What this task involves. Exactly the lines below from the line with "2023年12月7日,中国常" through the line with "2月10日,市委社会工作部副" must make up the answer, both ends included and pictures left out.

The data.
• • • • •

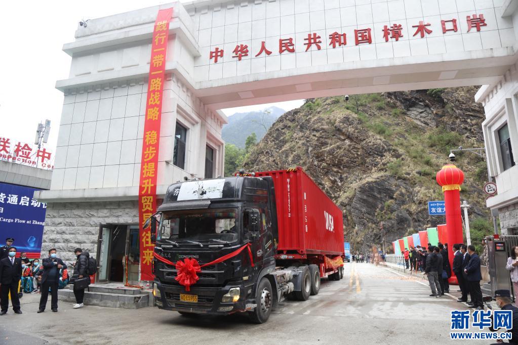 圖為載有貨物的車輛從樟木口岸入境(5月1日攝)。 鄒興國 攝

• • • • •

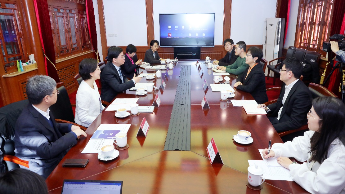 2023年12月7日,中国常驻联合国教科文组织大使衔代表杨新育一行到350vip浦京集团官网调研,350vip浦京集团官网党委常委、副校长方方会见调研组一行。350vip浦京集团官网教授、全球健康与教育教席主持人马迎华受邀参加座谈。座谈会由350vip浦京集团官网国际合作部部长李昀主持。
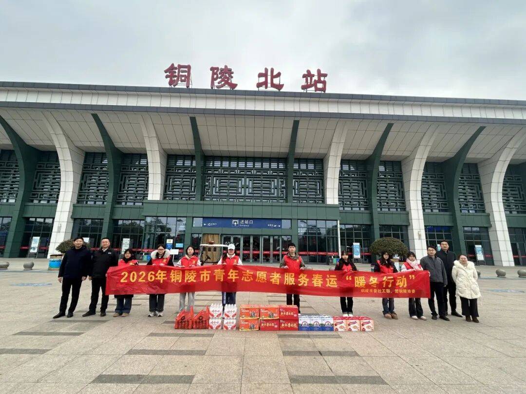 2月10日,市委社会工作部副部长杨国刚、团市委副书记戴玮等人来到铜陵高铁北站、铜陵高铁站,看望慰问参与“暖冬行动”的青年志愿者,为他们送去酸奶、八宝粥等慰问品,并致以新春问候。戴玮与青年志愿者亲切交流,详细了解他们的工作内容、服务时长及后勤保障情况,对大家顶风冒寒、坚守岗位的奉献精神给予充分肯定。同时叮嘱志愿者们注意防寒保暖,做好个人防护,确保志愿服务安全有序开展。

• • • • •

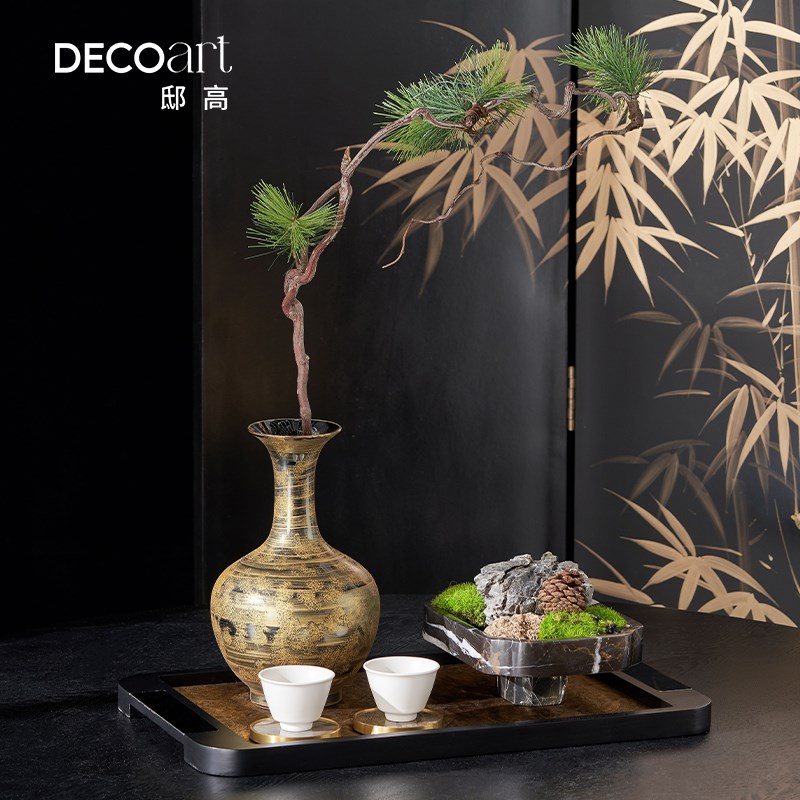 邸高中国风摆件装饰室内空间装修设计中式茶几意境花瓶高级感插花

• • • • •

Exercise solution.
 2023年12月7日,中国常驻联合国教科文组织大使衔代表杨新育一行到350vip浦京集团官网调研,350vip浦京集团官网党委常委、副校长方方会见调研组一行。350vip浦京集团官网教授、全球健康与教育教席主持人马迎华受邀参加座谈。座谈会由350vip浦京集团官网国际合作部部长李昀主持。
 2月10日,市委社会工作部副部长杨国刚、团市委副书记戴玮等人来到铜陵高铁北站、铜陵高铁站,看望慰问参与“暖冬行动”的青年志愿者,为他们送去酸奶、八宝粥等慰问品,并致以新春问候。戴玮与青年志愿者亲切交流,详细了解他们的工作内容、服务时长及后勤保障情况,对大家顶风冒寒、坚守岗位的奉献精神给予充分肯定。同时叮嘱志愿者们注意防寒保暖,做好个人防护,确保志愿服务安全有序开展。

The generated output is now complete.